Il successo di questa brillante iniziativa offre a Baronciani la possibilità di pubblicare le sue storie anche nel circuito dell’editoria tradizionale: nel 2008 Black Velvet dà alle stampe Una storia a fumetti, che raccoglie i successivi lavori che l’autore spedisce ai suoi abbonati e che – anche in questo caso – compongono un mosaico narrativo intimo e coinvolgente.

Proprio questa è una delle caratteristiche principali dell’opera di Baronciani, in grado di coinvolgere il lettore in un racconto cadenzato, capace di ricalcare i tempi lenti dell’anima e della riflessione interiore. Al centro della narrazione sono presenti con forza i sentimenti dei protagonisti, da quelli più banali e quotidiani alle emozioni più trascinanti e significative, positive ma anche negative.

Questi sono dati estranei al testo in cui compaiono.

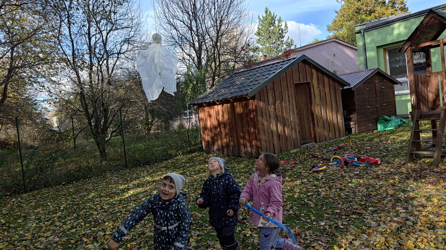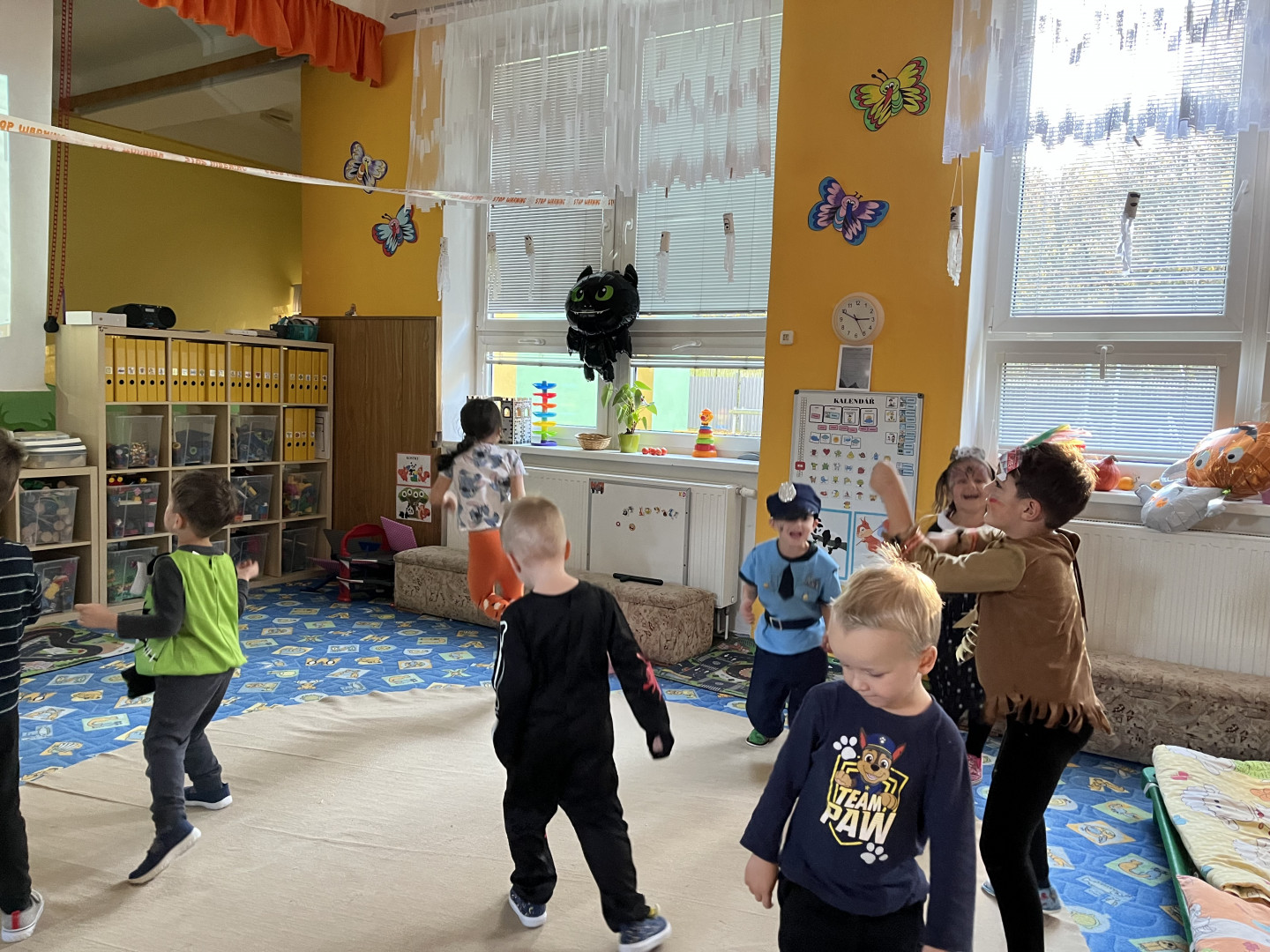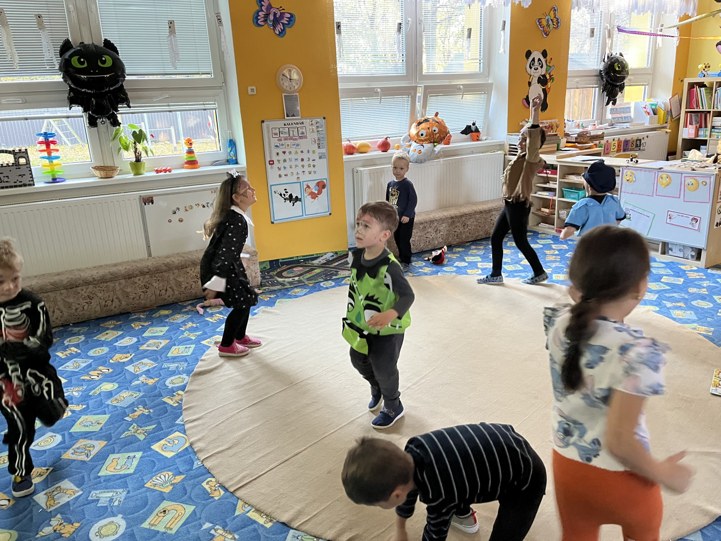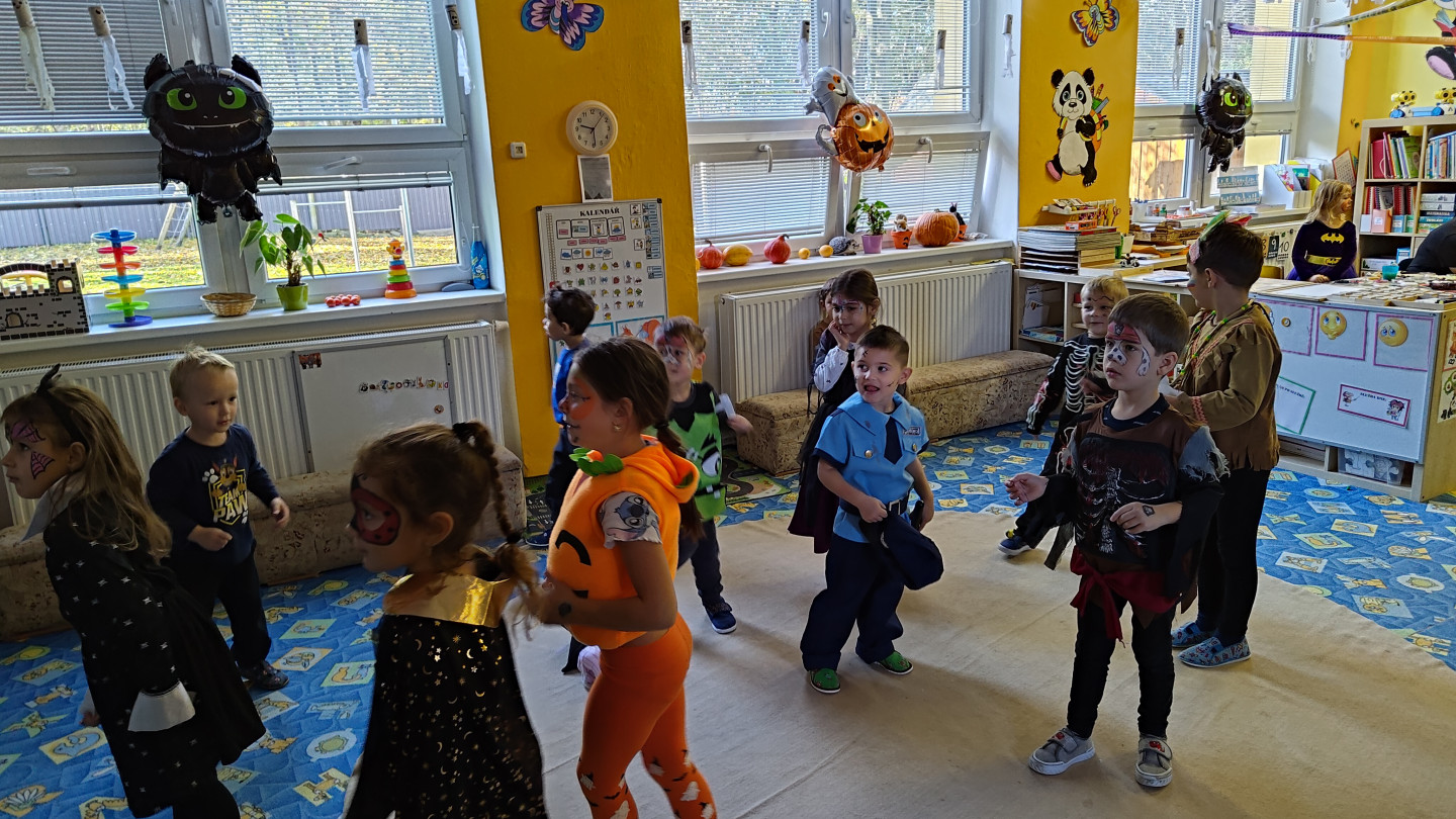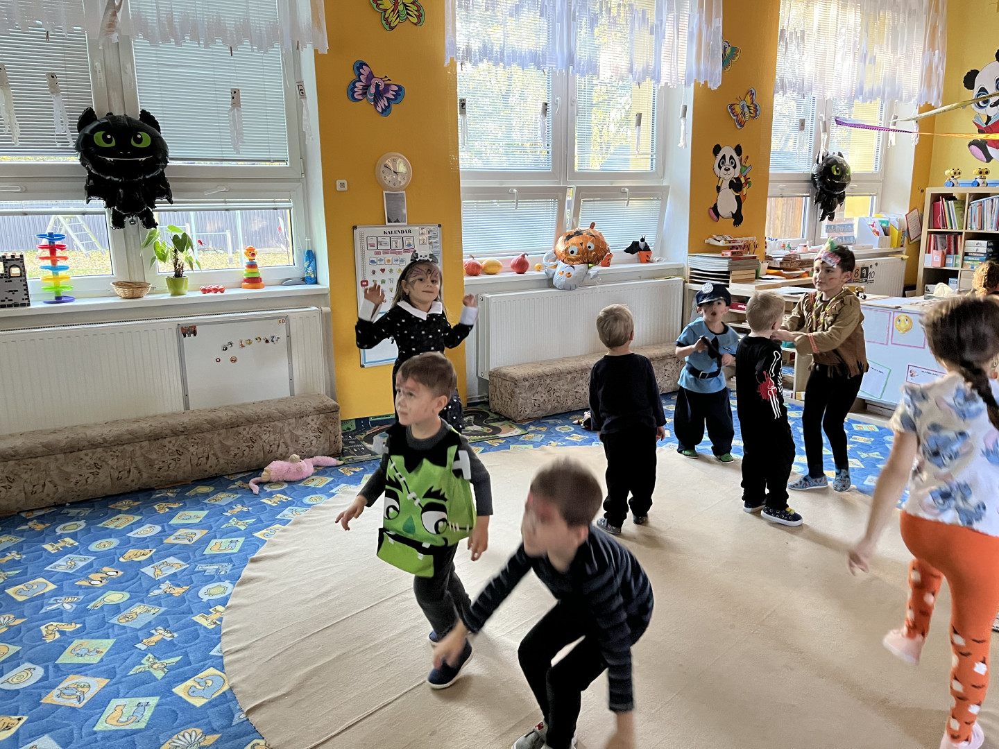 Uspávní broučků s halloweenskou párty a přespáváním ve školce patří mezi naše oblíbené akce. Děti se oblékly do kostýmu, namalovaly jsme jim obličej a protože bylo krásné počasí, párty pokračovala venku. Připravili jsme strašidelnou výzdobu, připravili jsme světla a děti hledaly broučky, které jsme ubytovali do hmyzího hotelu. Děkujeme rodičům za podporu, za spoustu halloweenské dekorace a dobrotek.

La particolarità delle opere del fumettista pesarese, in ogni caso, è legata principalmente alle modalità del racconto. «Ci sono tanti modi per raccontare le storie», spiega l’autore. «Quello tradizionale rispetta le unità narrative aristoteliche o le cinque W giornalistiche», ma i racconti di Baronciani non seguono queste coordinate: «a me interessa invece raccontare le storie esplorando gli spazi apparentemente vuoti che si creano tra questi punti di riferimento».

Questo perché «se due persone fanno la stessa cosa è probabile che la vivano in maniera diversa, perché ognuno ha una propria visione della realtà. Allora forse è più importante raccontare dei punti di vista, piuttosto che la realtà esteriore, che tutti sono in grado di riprodurre». Conseguenza diretta di questo approccio è l’assenza di una conclusione vera e propria nei racconti di Baronciani: «Io non arrivo mai alla conclusione… perché la conclusione è una cosa mia, non ha a che vedere con la storia in quanto tale. È come se io dicessi al lettore: “Hai notato questo particolare?”».

Questa caratteristica accomuna tutte le storie di Baronciani, compresi i due volumi usciti ancora per Black Velvet dopo Una storia a fumetti: Le ragazze nello studio di Munari (2010) è il racconto della movimentata vita sentimentale di Fabio, titolare di un negozio di libri antichi a Milano e appassionato dell’opera di Bruno Munari (anche in questo caso, lo spunto per la scrittura del volume è arrivata a Baronciani da un lettore). Quando tutto diventò blu (2011) racconta invece le vicissitudini di una ragazza – mai chiamata per nome nel corso della narrazione – che affronta con grande sofferenza il problema degli attacchi di panico.

Un ruolo centrale nella narrativa di Baronciani, in particolare nei due racconti appena citati, spetta agli oggetti: la presenza costante dei libri – che diventa persino fisica – in Le ragazze nello studio di Munari e dei medicinali in Quando tutto diventò blu riflette la convinzione dell’autore che «l’ambiente intorno al racconto dice molto di più di quello che riesce a esprimere la storia attraverso i soli personaggi».

Accostare elementi apparentemente marginali che spesso lasciano intuire una storia, senza raccontarla per intero, è il modo scelto da Baronciani per scrivere le sue storie a fumetti. «Soprattutto nella Raccolta c’è un tentativo di arrivare al limite massimo del racconto, di assottigliarlo fino a renderlo quasi impercettibile. Un filo solo basta per far capire una situazione, un atteggiamento», per coinvolgere ed emozionare il lettore.

Perché le storie di Baronciani sono storie quotidiane, che riescono a parlare a tutti, riportando alla mente ricordi e sentimenti in modo imprevisto e intrigante, a testimonianza di tutto il potere evocativo che può avere una semplice storia a fumetti.